Würde auch einen nehmen...vielleicht ist das ja auch eine Verhandlungsgrundlage???


----------



## Ace (13. Februar 2006)

*AW: Orvis Schnurkorb - wo kann ich ihn kriegen?*

guter Preis ist gut:q
http://www.morefly.com/shop/product_info.php/cPath/859_886/products_id/9280
wenigstens unter 70
Ich weiss nicht warum aber bei dieser Schüssel geht niemand auf ein Sonderangebot ein.
Gruß
Mathias


----------



## DS-Angelsport (13. Februar 2006)

*AW: Orvis Schnurkorb - wo kann ich ihn kriegen?*

Hallo,

ruft doch einfach mal an. Wir haben die Dinger


Gruß

DS Angelsport - Center
www.dsangelsport.de

Tel. 0461/91514

oder

info@dsangelsport.de


----------



## carphunterandy (13. Februar 2006)

*AW: Orvis Schnurkorb - wo kann ich ihn kriegen?*

Hy Ihrs!

Kann zwar keinen Tip geben wo man das gute Stück noch her bekommt, aber vieleicht ne Anregung sich so ein ähnliches Teil selbst zu bauen!
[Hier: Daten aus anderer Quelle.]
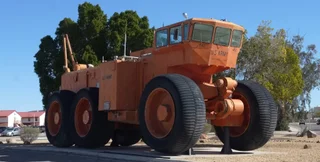 Цей автопоїзд сягає завдовжки близько 150 метрів і оснащений величезними колесами. Він може проїхати практично будь-якою місцевістю.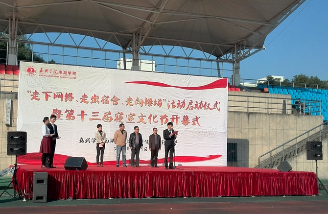 11月15日上午,由学院团委举办的“走下网络、走出宿舍、走向操场”活动启动仪式暨第十三届寝室文化节开幕式在越秀校区田径场举行。校长助理、南湖学院院长胡俊云宣布活动开幕。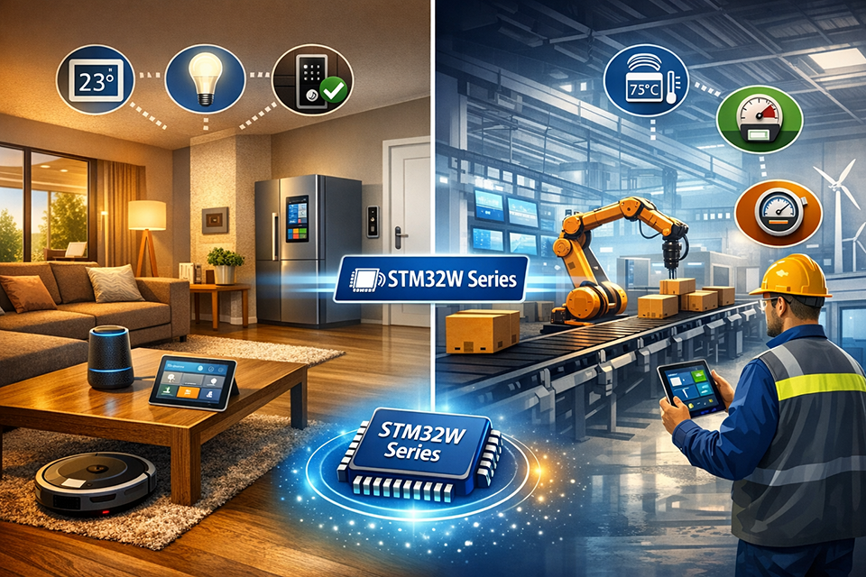STM32Wシリーズは、無線通信、セキュリティ、低消費電力を1チップで統合したワイヤレスSoCとして、さまざまなIoT分野で採用されています。ここでは、代表的な応用分野ごとに、なぜSTM32Wシリーズが選ばれているのかを設計観点から解説します。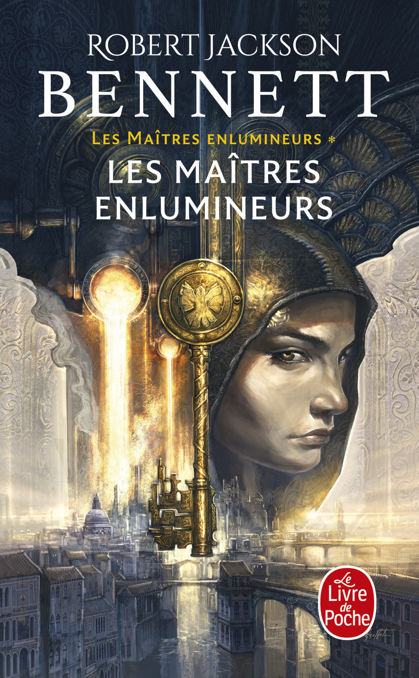 Les Maîtres enlumineurs de Robert Jackson Bennett, traduit par Laurent Philibert-Caillat, couverture de Didier Graffet, aux éditions Le Livre de Poche (2024, première édition VF chez Albin Michel Imaginaire en 2021, parution VO en 2018), 768 pages.
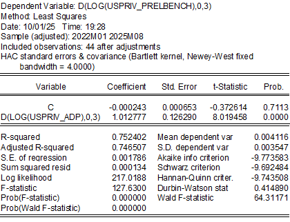 I think the answer is yes…and no. As noted by other observers, the month-on-month correlation of ADP and BLS series is low. However, the quarter-on-quarter is fairly high. A regression of BLS series on ADP series (3 month log differences) yields: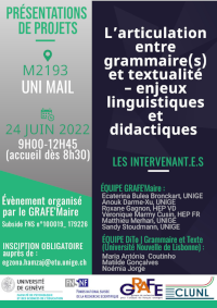 Ce workshop se propose d’approfondir la réflexion menée au sein du projet GRAFE’MAIRE autour de la problématique de l’articulation « grammaire et texte(s) » dans le cadre d’une journée de dialogue avec les membres de l’équipe Gramática & Texto. L’objectif de la journée est d’aborder cette thématique sous l’angle théorique et didactique : que veut dire concrètement « articuler » ? Comment sont impliqués dans les interactions / articulations les différents niveaux d’organisation langagière (du genre textuel au signe linguistique) ? Avec quels exemples (d’objets linguistiques, de mécanismes, etc.) peut-on illustrer clairement des phénomènes d’articulation ? Avec quelles conceptions du texte et de la grammaire ? Comment penser et désigner la différence entre versant linguistique / langagier et versant didactique ? La distinction « interaction » - « articulation » serait-elle pertinente pour distinguer niveau linguistique (fonctionnement effectif des composantes du langage en interaction) et niveau didactique (conception, didactisation, mise en dispositif didactique de l’interaction dans des séquences d’enseignement articulant des composantes du langage) ?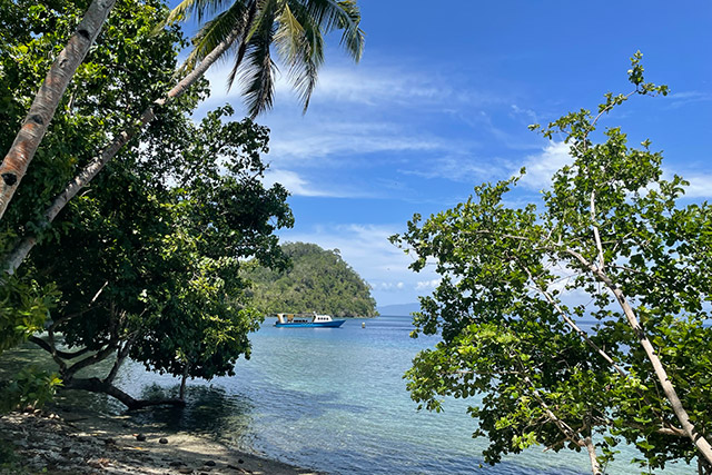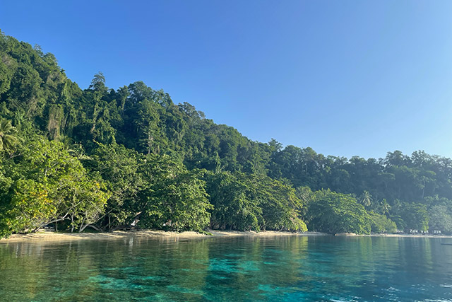 Known as the Spice islands, the Moluccas were once the largest producers of nutmeg, mace and cloves in the world. Spices were a valuable commodity back in the 16th and 17th centuries and many nations fought over them. Even today, the coastline is fringed by nutmeg trees that kiss the surface of the bay.
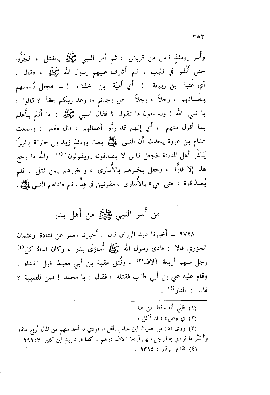 9728 - عَبْدُ الرَّزَّاقِ، قَالَ: أَخْبَرَنَا مَعْمَرٌ، عَنْ قَتَادَةَ، وَعُثْمَانَ الْجَزَرِيِّ قَالَا: فَادَى رَسُولُ اللَّهِ صَلَّى اللهُ عَلَيْهِ وَسَلَّمَ أُسَارَى بَدْرٍ، وَكَانَ فِدَاءُ كُلِّ رَجُلٍ مِنْهُمْ أَرْبَعَةَ آلَافٍ، وَقُتِلَ عُقْبَةُ بْنُ أَبِي مُعَيْطٍ قَبْلَ الْفِدَاءِ، وَقَامَ عَلَيْهِ عَلِيُّ بْنُ أَبِي طَالِبٍ فَقَتَلَهُ فَقَالَ: يَا مُحَمَّدُ فَمَنْ لِلصِّبْيَةِ؟ قَالَ: «§النَّارُ»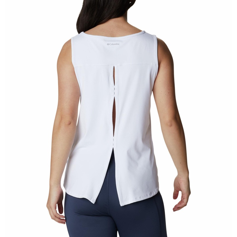 With moisture-wicking fabric and a back vent, this sleeveless top is a warm-weather staple, offering style and comfort.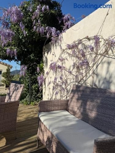 Gite climatisé avec piscine sur les hauteurs de Bollene เป็นที่พักซึ่งมีสระว่ายน้ำกลางแจ้งแบบเปิดตามฤดูกาลและลานระเบียง โดยมีทำเลที่ตั้งอยู่ในโบลแลน ห่างจากช่องเขา Ardeche Gorges 45 กม. ห่างจากซุ้มหินโค้ง Pont d ' Arc 46 กม. และห่างจาก The wine University 8.6 กม. บ้านพักนี้มีบริการสระว่ายน้ำส่วนตัว สวน สิ่งอำนวยความสะดวกสำหรับทำบาร์บีคิว อินเทอร์เน็ตไร้สาย (WiFi) ฟรี และที่จอดรถส่วนตัวฟรี บ้านพักติดตั้งเครื่องปรับอากาศนี้ประกอบด้วย 1 ห้องนอน ห้องนั่งเล่น ห้องครัวซึ่งครบครันด้วยตู้เย็นและเครื่องชงกาแฟ และมี 1 ห้องน้ำพร้อมฝักบัวและไดร์เป่าผม ผ้าเช็ดตัวและชุดเครื่องนอนมีให้บริการในบ้านพักนี้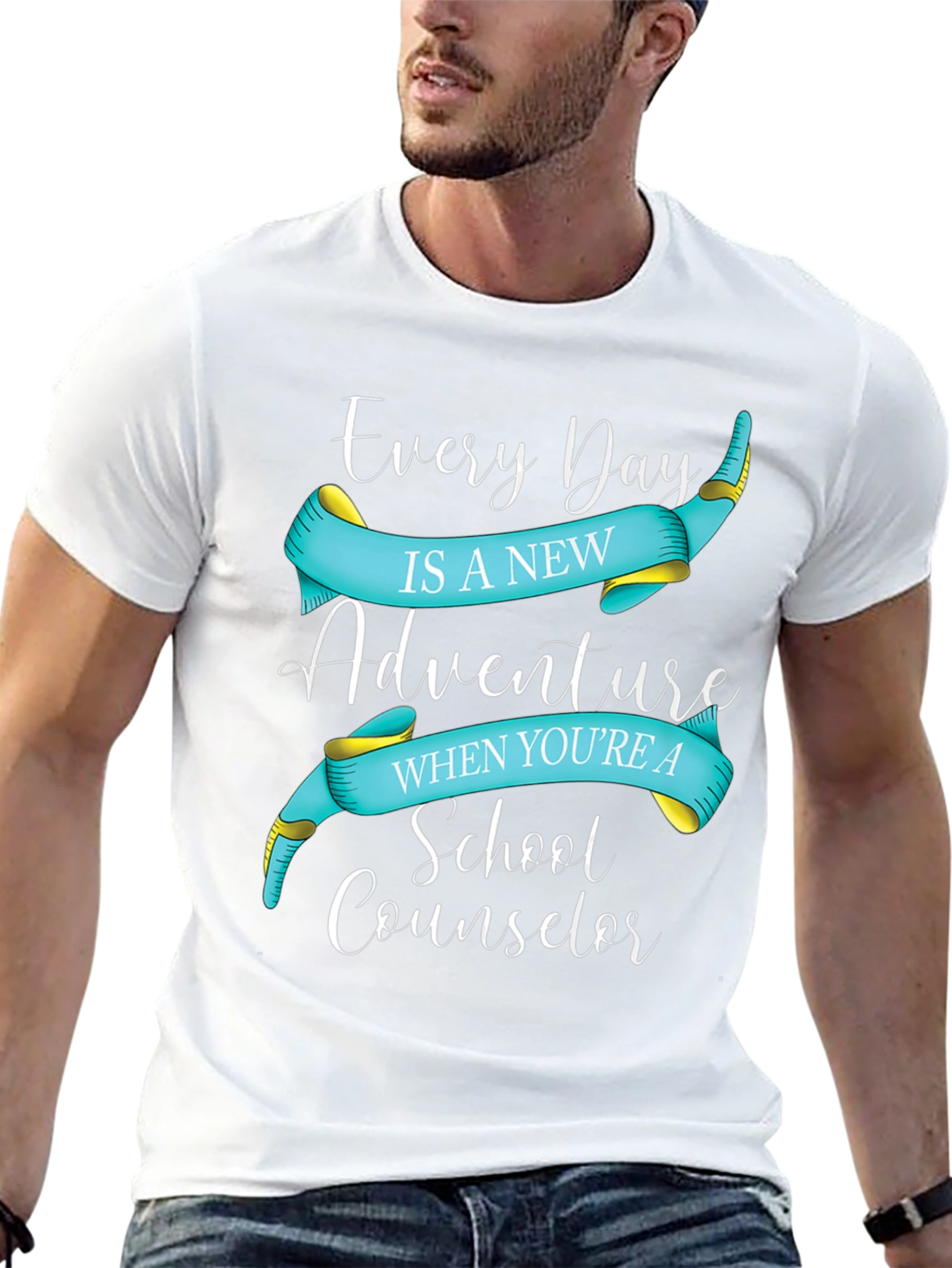 Muestra tu espíritu como consejero escolar con esta camiseta negra de diseño atractivo. La frase 'Every Day is a New Adventure When You're a School Counselor' (Cada día es una nueva aventura cuando eres consejero escolar) está impresa en una fuente elegante y adornada con cintas decorativas en tonos turquesa y amarillo. Esta camiseta de manga corta parece ser de un tejido suave y cómodo, ideal para llevar durante la jornada escolar o en momentos de relax. Perfecta para regalar a ese consejero escolar especial en tu vida o para lucir con orgullo tu propia profesión. Destaca y comparte tu pasión por la orientación escolar con esta prenda única y llamativa.

- Ihr müßt euch nen alten 14kg Boilieeimer, von Pelzer, besorgen.
Wenn Ihr so ein Teil aufgetrieben habt, schneidet Ihr ihn so zurecht, wie hoch Ihr ihn haben wollt. Meiner (Schnurkorb) ist so 17cm hoch.
- Nun 9 Spitzen von Silikonspritzen oben etwas abschneiden und einen Dübel von unten einführen(so großen Dübel wie es geht verwenden).
- 9 Löcher bohren und die Spitzen festschrauben.
- Alle Spritzen mit Heißkleber voll laufen lassen und unten auch noch alles mit Heißkleber abdichten.
- An einer langen Seite 2 Schlitze reinschneiden (ca. 0.5cm breit)
Gürtel o.ä. rann
- FERTIG

Alternativ kann man auch die Spitzen von Boilieguns verwenden. Die sind stabieler und von höherem Durchmesser.
Die beste Alternative währe, sich die Spitzen aus einem harten Kunststoff selbst zu drehen.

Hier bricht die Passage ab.